How to resolve the algorithm Levenshtein distance step by step in the C++ programming language
How to resolve the algorithm Levenshtein distance step by step in the C++ programming language
Table of Contents
Problem Statement
In information theory and computer science, the Levenshtein distance is a metric for measuring the amount of difference between two sequences (i.e. an edit distance). The Levenshtein distance between two strings is defined as the minimum number of edits needed to transform one string into the other, with the allowable edit operations being insertion, deletion, or substitution of a single character.

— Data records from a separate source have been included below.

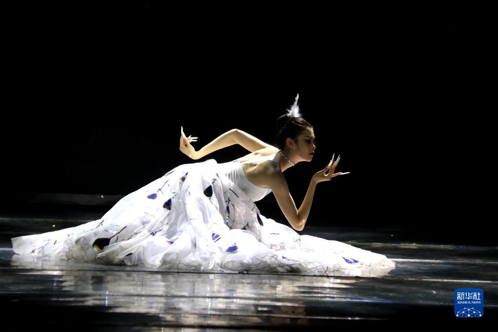 7月3日,在西北師范大學(xué)敦煌學(xué)院實(shí)驗劇場(chǎng),舞者為觀(guān)眾表演舞蹈《雀之靈》。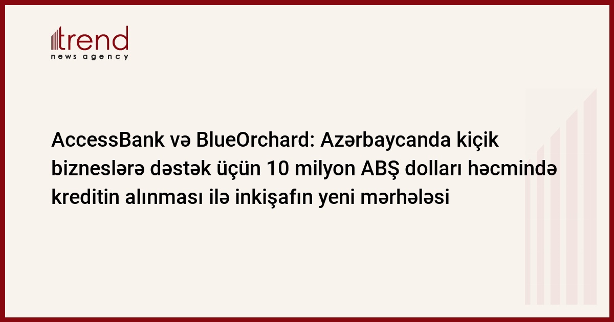 AccessBank-ın, - mikrokreditlərin maliyyələşdirilməsi məqsədi ilə BlueOrchard Microfinance Fund tərəfindən cəlb etdiyi kreditin məbləği 10 mln ABŞ dolları , müddəti isə 3 ildir. Yeni kredit sazişi, AccessBank-a kiçik və orta biznes kreditləri portfelinin inkişafı, eləcə də, Azərbaycanda sahibkarlığa dəstək tədbirlərinin genişləndirilməsinə imkan yaradacaq.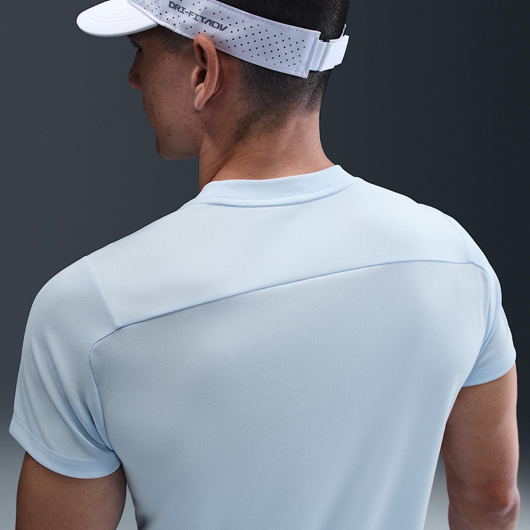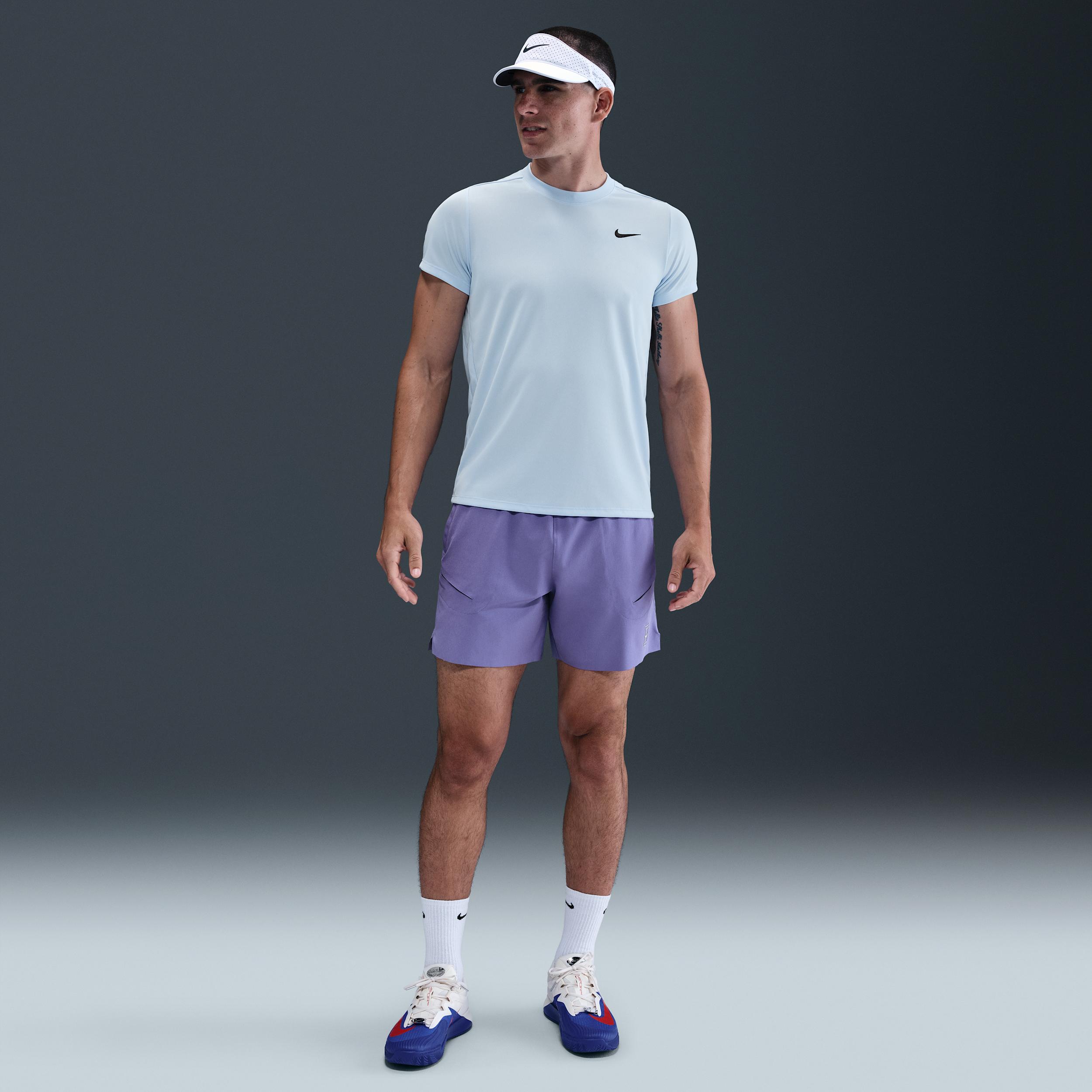 Breathable, stretchy and sweat-wicking, this classic-fit Victory top is ready to perform. The back shoulder seam placement is designed to help you stay extra mobile while you rotate and drive through the ball. Benefits:Nike Dri-FIT technology moves sweat away from your skin for quicker evaporation, helping you stay dry and comfortable. Soft knit is lightweight and breathable. Offset seam construction on the back helps with range of motion through your shot. Side seam gussets provide extra stretch and mobility. [] Product Details:100% polyester. Machine wash. Imported. Style: FZ6921; Color: Celestine Blue/Black; Size: XL; Gender: Male; Age Group: Adult | NikeCourt Victory Men's Dri-FIT Tennis Top in Blue, Size: XL | FZ6921-441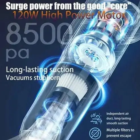 - 8500pa Powerful Suction: Capable of picking up even the smallest particles of dust and dirt, this handheld vacuum cleaner ensures efficient cleaning on both carpets and hard floors.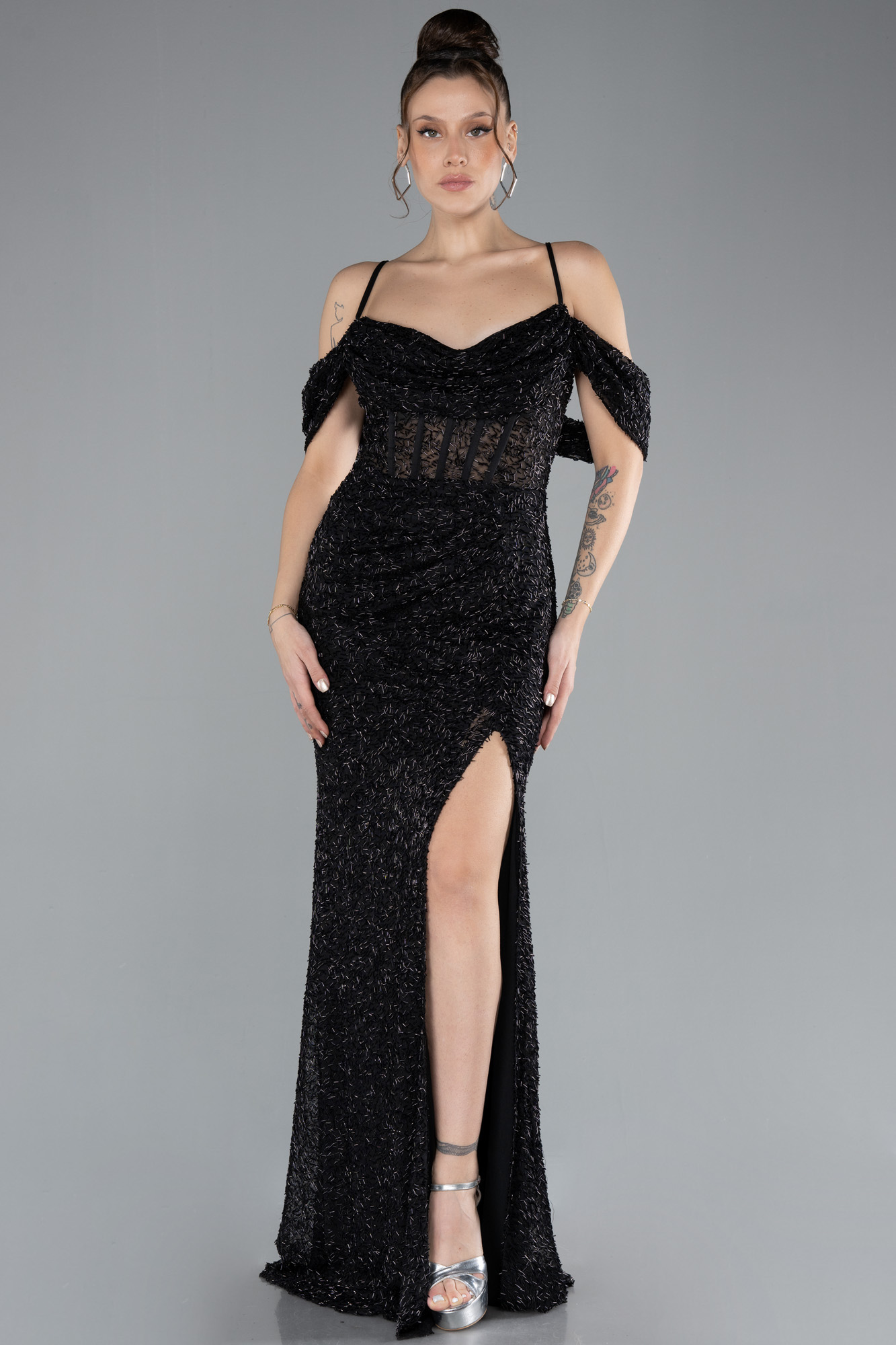 . Kayık yaka uzun abiye elbise, özel günlerinize unutulmaz bir dokunuş katmak için tasarlandı. İnce işçilikle süslenmiş boncuk detayları, elbiseye ışıltılı bir görünüm kazandırırken, bacak ve omuz dekoltesi modern ve cesur bir stil sunar. Yaka detayı, asil bir duruş oluştururken, derin bacak dekoltesi sofistike ve dikkat çekici bir hava yaratır. Özel tasarım, nişan, düğün, gala veya kokteyl gibi etkinliklerde şıklığınızla göz kamaştırmanızı sağlayacak.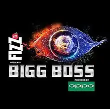 The Bigg Boss "eye" is split, with red on one side and blue on the other; red representing fire and blue representing water.
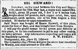 - ^ Mason Harwell 1860 District 1, Montgomery, Alabama, USA 34 Slave Owner, Ancestry.com. 1860 U.S. Federal Census - Slave Schedules [database on-line]. Lehi, UT, USA: Ancestry.com Operations Inc, 2010. Original data:United States of America, Bureau of the Census. Eighth Census of the United States, 1860. Washington, D.C.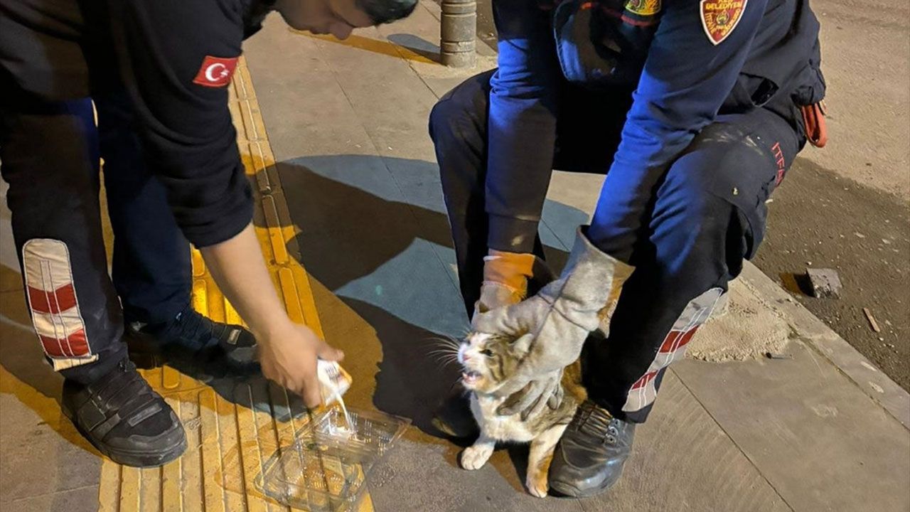 Haber verilmesi üzerine olay yerine gelen Kilis Belediyesi İtfaiye ekipleri, kediyi mahsur kaldığı yerden kurtardı.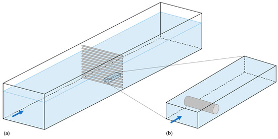 Schematics of (a) a complete model of a horizontally arranged circular bar trash rack (CBTR) in a flume, and (b) a waterbody segment consisting of a single bar section taken from (a): Such segments served as the basis for defining the computational domains in this study. The arrows indicate the direction of flow.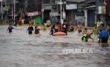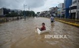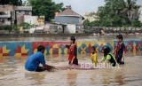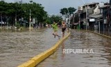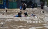 Anak-anak bermain saat banjir di Jalan Jatinegara Barat, Kampung Pulo, Jakarta, Kamis (2/1). (FOTO : Republika/Prayogi)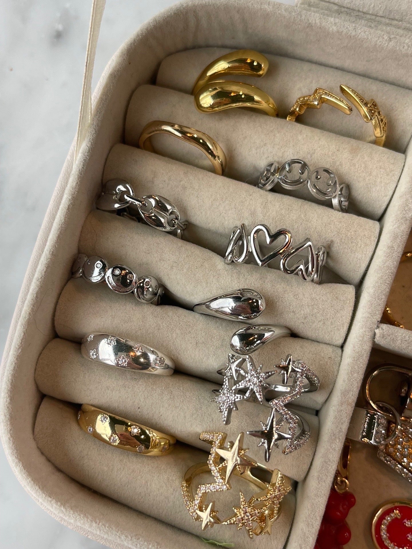 Gold oder Silber farbender Ring in Form von vielen Sternen und mit Zirkonia Steinen besetzt.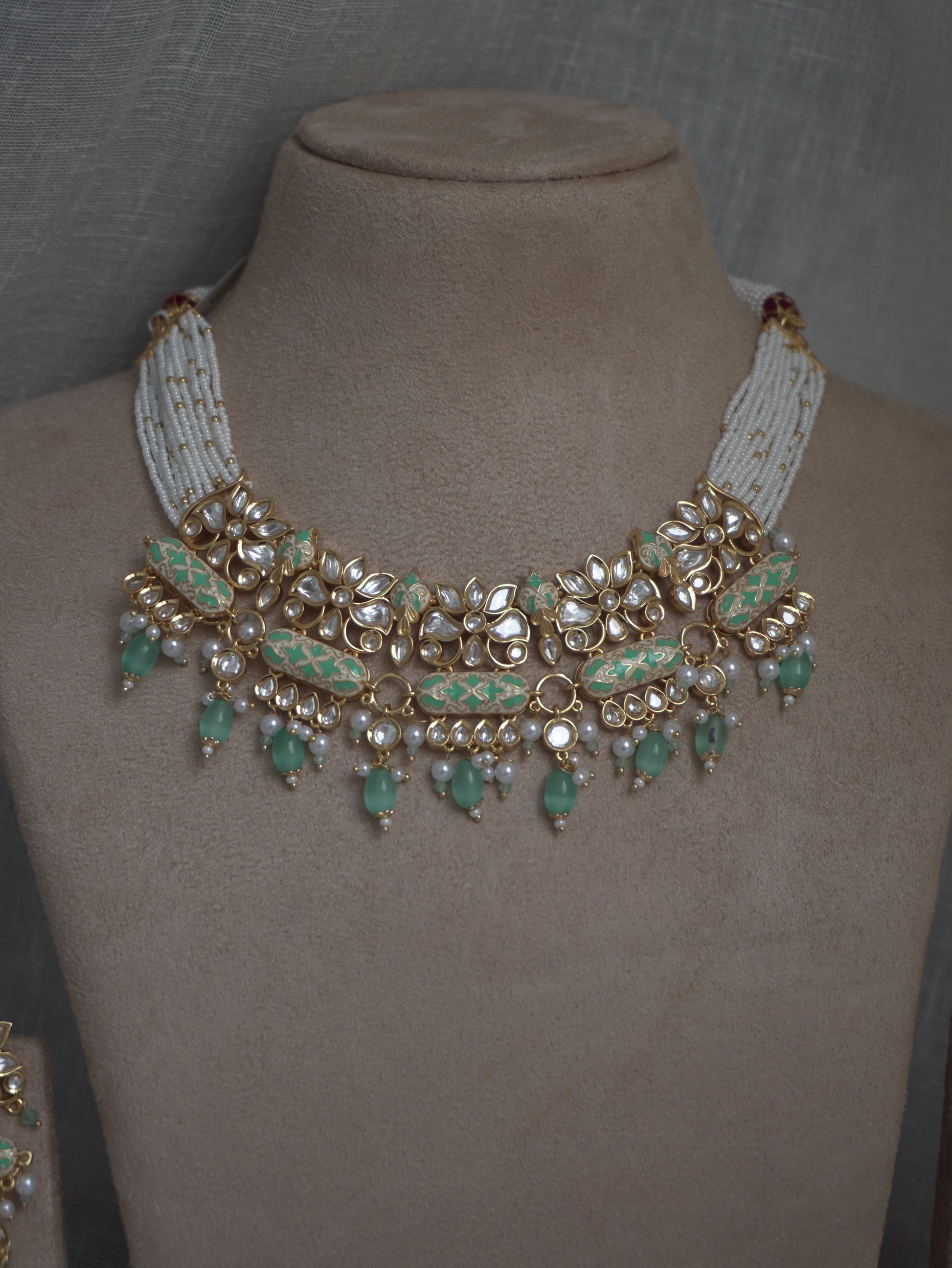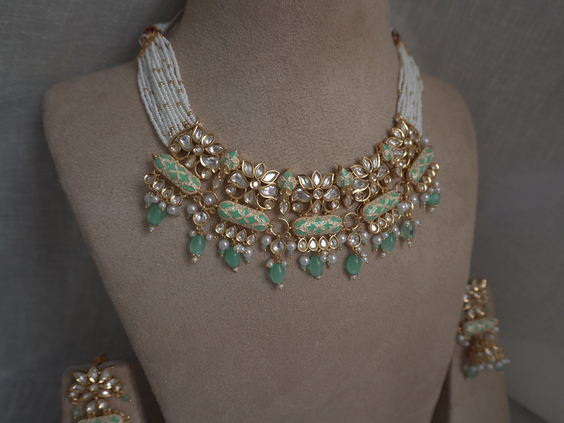 A stunning choker crafted with intricate mint green meenakari and real-looking polki work. Accented with pearl drops and floral motifs, this necklace brings together traditional artistry with a refreshing pastel elegance. A perfect choice for weddings, festive occasions, or bridal trousseau.

The Levenshtein distance between "kitten" and "sitting" is 3, since the following three edits change one into the other, and there isn't a way to do it with fewer than three edits:
The Levenshtein distance between "rosettacode", "raisethysword" is 8. The distance between two strings is same as that when both strings are reversed.
Implements a Levenshtein distance function, or uses a library function, to show the Levenshtein distance between "kitten" and "sitting".
Let's start with the solution:
Step by Step solution about How to resolve the algorithm Levenshtein distance step by step in the C++ programming language
This code is a C++ implementation of the Levenshtein distance algorithm, which calculates the minimum number of single-character edits (insertions, deletions, or substitutions) required to transform one string into another. The algorithm is named after Vladimir Levenshtein, who first published it in 1965.
The first code block is a naive implementation of the algorithm, which uses a dynamic programming approach to calculate the minimum number of edits required to transform one string into another. The algorithm starts by creating a matrix of size (m+1) x (n+1)
, where m
and n
are the lengths of the two input strings. The matrix is initialized with the number of insertions or deletions required to transform an empty string into the first or second string, respectively.
The algorithm then iterates over the two input strings, and for each character in the first string, it iterates over the characters in the second string. For each pair of characters, the algorithm calculates the minimum number of edits required to transform the substring of the first string up to the current character into the substring of the second string up to the current character. The minimum number of edits is calculated by taking the minimum of the following three values:
- The minimum number of edits required to transform the substring of the first string up to the previous character into the substring of the second string up to the current character, plus one (for an insertion)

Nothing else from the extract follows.